Da allora in poi Aurora vive nel terrore che il vero Silvestri sospetti o sappia o addirittura confessi ad Almagià della sua relazione segreta. Di qui la narrazione assume tratti angosciosi, soprattutto nella ricostruzione di Aurora che si sente sempre più in trappola, raggirata e ricattata da Silvestri, tramite sottigliezze, falsi equivoci e volute coincidenze, fino al punto di decidere di concedersi a lui, cedendo a una sorta di ricatto psicologico. Prima di morire Silvestri aveva donato ad Aurora venti milioni, tramite un’assicurazione, e lei, per incassare il denaro, dovrà consultare avvocati e in pratica esporsi e scoprirsi del tutto di fronte ad Almagià.
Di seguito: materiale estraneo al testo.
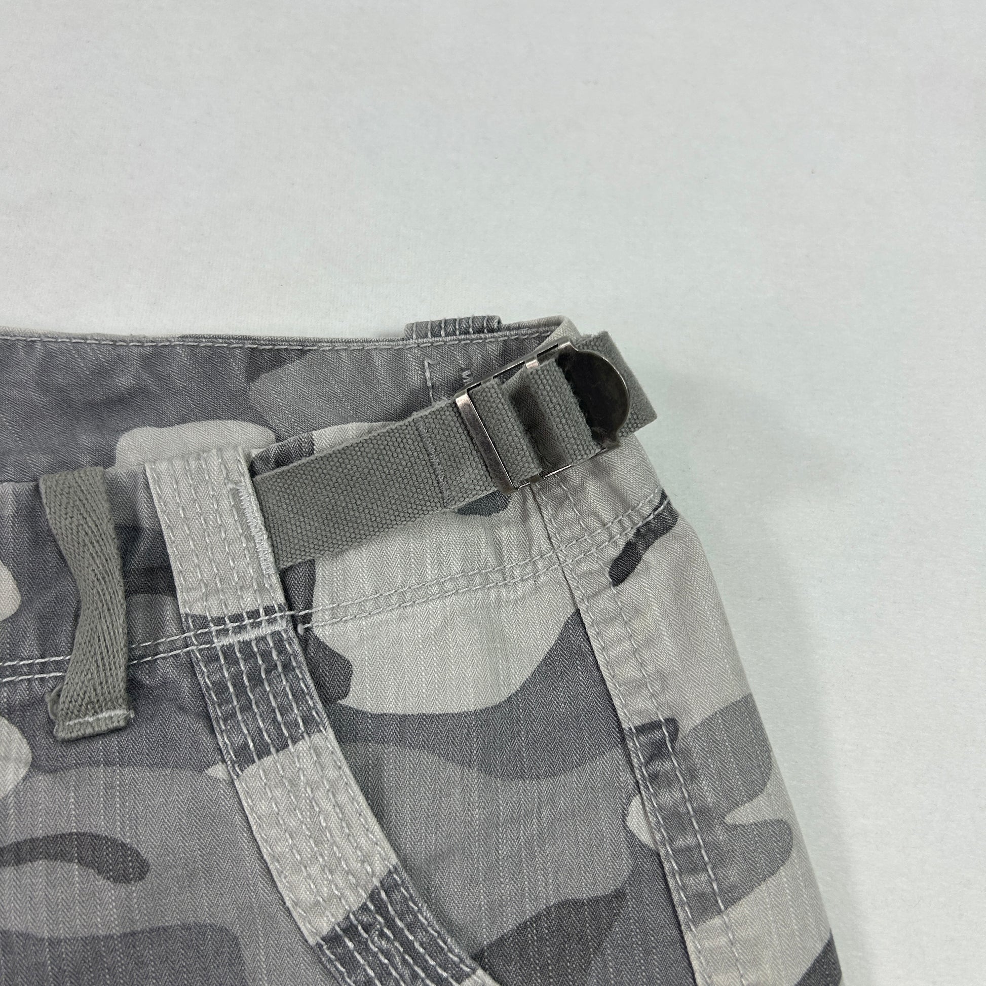 00's grey camo low rise shorts. Perfect for a festival.
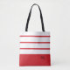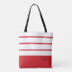 Elegante design contemporâneo apresenta uma mistura de faixas grossas e listras finas em branco crocante e vermelho moderno. Adicione duas ou três iniciais monogramadas em script preto estiloso. O design se repete nas costas. Solicitações de cores personalizadas aceitas.
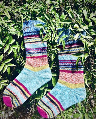 These are vanilla socks (plain stockinette) with a simplified shadow wrap short row heel method and my very own take on a rounded toe.
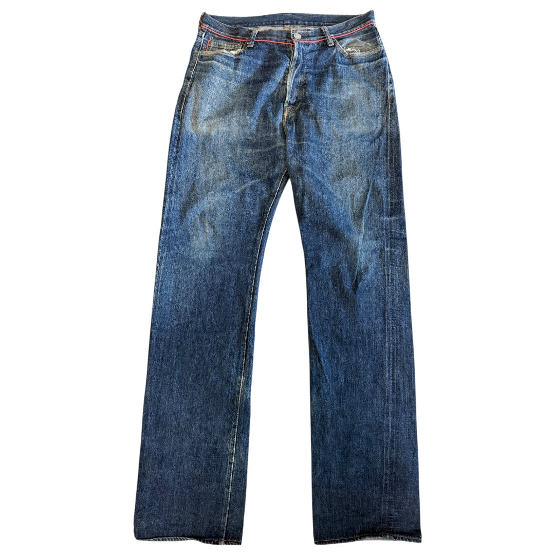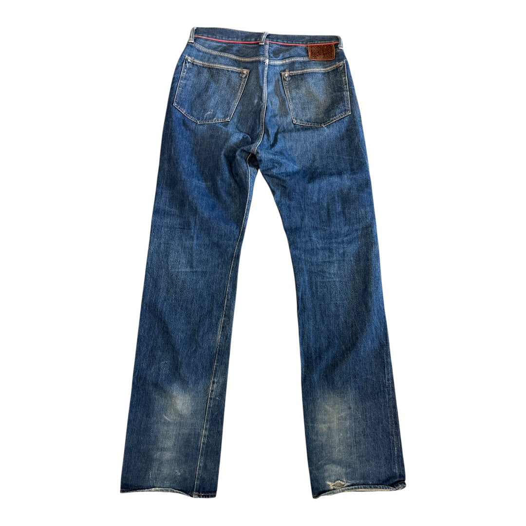 Kapital Legs Selvedge Denim in Indigo tagged size 38 fits like 34-35, waist measures 35 rise 13 back rise 15 inseam 37.5 leg opening 9. Woven leather label, possibly a special order size from the Kapital Legs Craftsman’s store, a specialized Kapital boutique with locations in Shibuya and Tokyo.
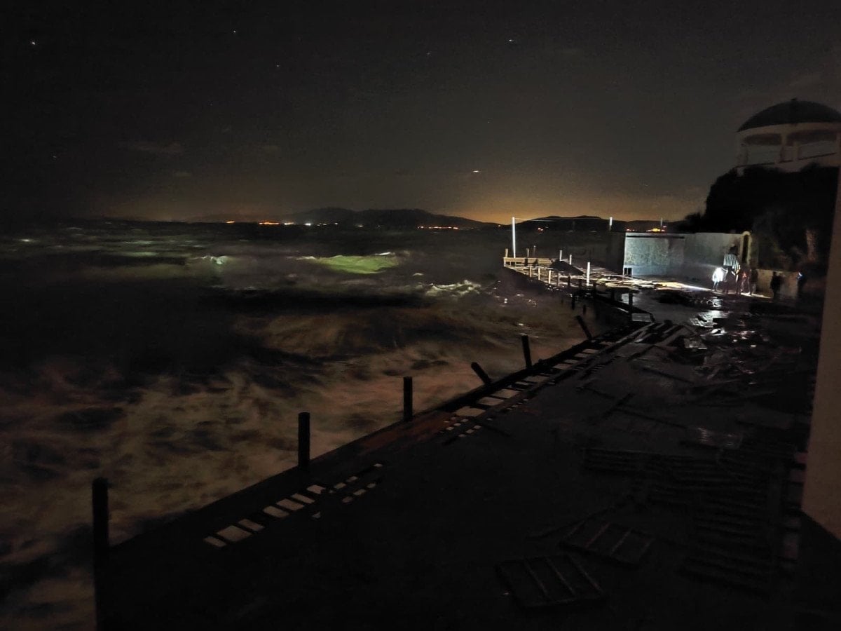 Fırtına sırasında oluşan dalgalar sonrasında iskeleden denize düşen 3 işçi uzun süre denizde mahsur kaldı. Yapılan ihbar üzerine bölgeye sağlık, itfaiye, polis ve sahil güvenlik ekipleri sevk edildi.
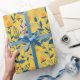 Papier Cadeau Fleurs de gribouillis en bleu et jaune
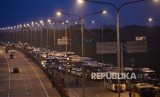 Kepadatan arus kendaraan saat keluar dari kendaraan saat macet total di Tol Kanci-Pejagan, Jawa Tengah, Ahad (3/7).
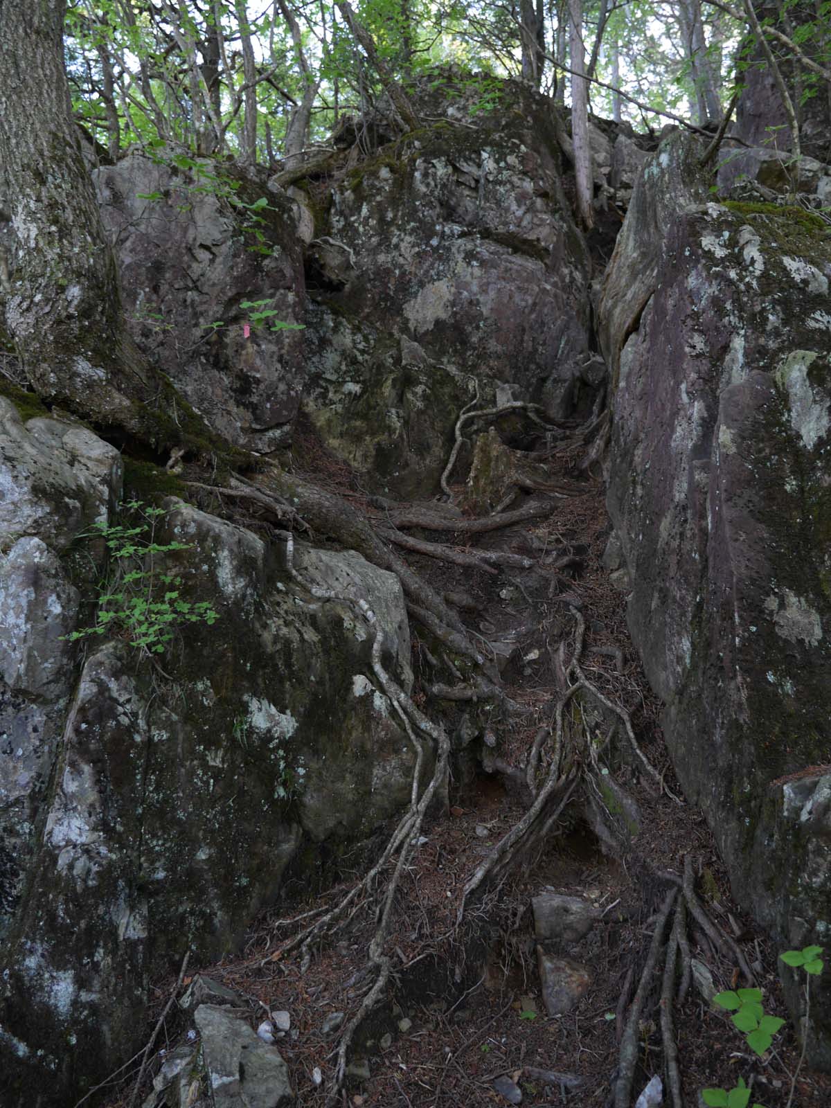 林道を横切ると、また緩い登りになり、黒川金山跡へ降りる道の分岐、そしてすぐに落合集落への分岐横手山峠に出ます。ようやくここから山道らしい登りになります。とはいっても、ふつうの山よりは遙かに楽な登りです。途中、シカに会いましたが、写真は撮れませんでした。その代わり鳴き声をビデオに収めました。

Peyrani interpreta il gesto dell’amico come grande generosità, Aurora come l’ennesima trappola. Difatti Almagià la abbandona e la lascia in uno stato di precarietà economica per cui, nel presente, si vede costretta a chiedere in prestito del denaro a Peyrani, con fare seduttivo. Quest’ultimo respinge le sue avance più per una sorta di fedeltà nell’amicizia con Silvestri anche dopo la morte che per reale disinteresse per Aurora. Prosegue il viaggio verso Montecarlo, e da qui le spedisce la somma da lei richiesta. Il personaggio di Peyrani si risolve nell’eroico tentativo di mantenere illesa la memoria del caro amico Silvestri.

Ciascuno dei personaggi citati ha un’identità molto definita, in primo luogo lo riconosciamo nella tenuta semantica, in particolare nei dialoghi. Borghese e riflessivo il linguaggio di Peyrani, Azzardato e altisonante quello di Aurora, così sopra le righe da lasciar scorgere la provenienza umile e il tentativo di ottundere le proprie origini con un utilizzo bizzarro di inglesismi e simili. Il nuovo compagno di Aurora si esprime invece in romanesco. Silvestri parla in modo ironicamente malinconico, ma anche gravido di doppi sensi, il che favorisce l’equivoco e la distorsione dell’immagine stessa di questa presenza assente. Di fatto, fino alla fine, non sappiamo mai chi sia realmente Silvestri, se l’amico fedele, eternamente buono e sconfitto o il subdolo ricattatore, astuto e in malafede, probabilmente li è entrambi.

Tornata a Roma, Silvestri non aveva tardato a farsi vivo. Le aveva scritto una lettera, che lei subito distrusse, perché, secondo lei, piena di allusioni ambigue e cattive.
«Per esempio?» domandai incredulo.
«Cosa vuole, non posso ricordarmi ora, a più di cinque anni di distanza, le espressioni esatte. Ma la sostanza era questa: parlava dal principio alla fine soltanto del nostro incontro in treno, e del nostro addio sulla banchina della stazione di Genova. Ci ricamava sopra per parecchie pagine. Ripeteva che mi aveva adorato da anni, dall’inizio. Diceva che tutto questo tempo aveva continuato a soffrire in silenzio per il rimorso di avermi mancato di rispetto, quando aveva osato parlarmene. Ma che adesso, finalmente, dopo un incontro così fortunato, e dopo quello che gli avevo detto, soprattutto dopo le ultime mie parole dalla banchina, capiva che gli avevo perdonato; e per la prima volta il suo cuore eccetera si apriva alla speranza eccetera. Mi annunciava, bontà sua, il suo prossimo arrivo a Roma. Prossimo, perché sapeva che Ulderico sarebbe rimasto in Brasile un mese. Concludeva che aveva paura di sbagliare. Che toccava a me, appena lo avessi rivisto a Roma, fargli capire se poteva continuare a sperare. Ma che comunque, mi ringraziava commosso di quelle mie parole e sguardi, chiusi come un tesoro nel suo cuore… Ecco, qui mi ricordo anche la frase perché era proprio in fondo, e prima della firma: una frase chiara, precisa, da mettermi addosso la paura, e da farmi capire, se non avevo ancora capito. Mi è rimasta stampata nella memoria, come se l’avessi sempre davanti agli occhi. Diceva: un tesoro chiuso nel mio cuore eccetera, eccetera, e questo tesoro per me si chiama il nostro segreto di Genova. Ha capito?».
(Mario Soldati, Il vero Silvestri, Mondadori, 2011, p.70-71).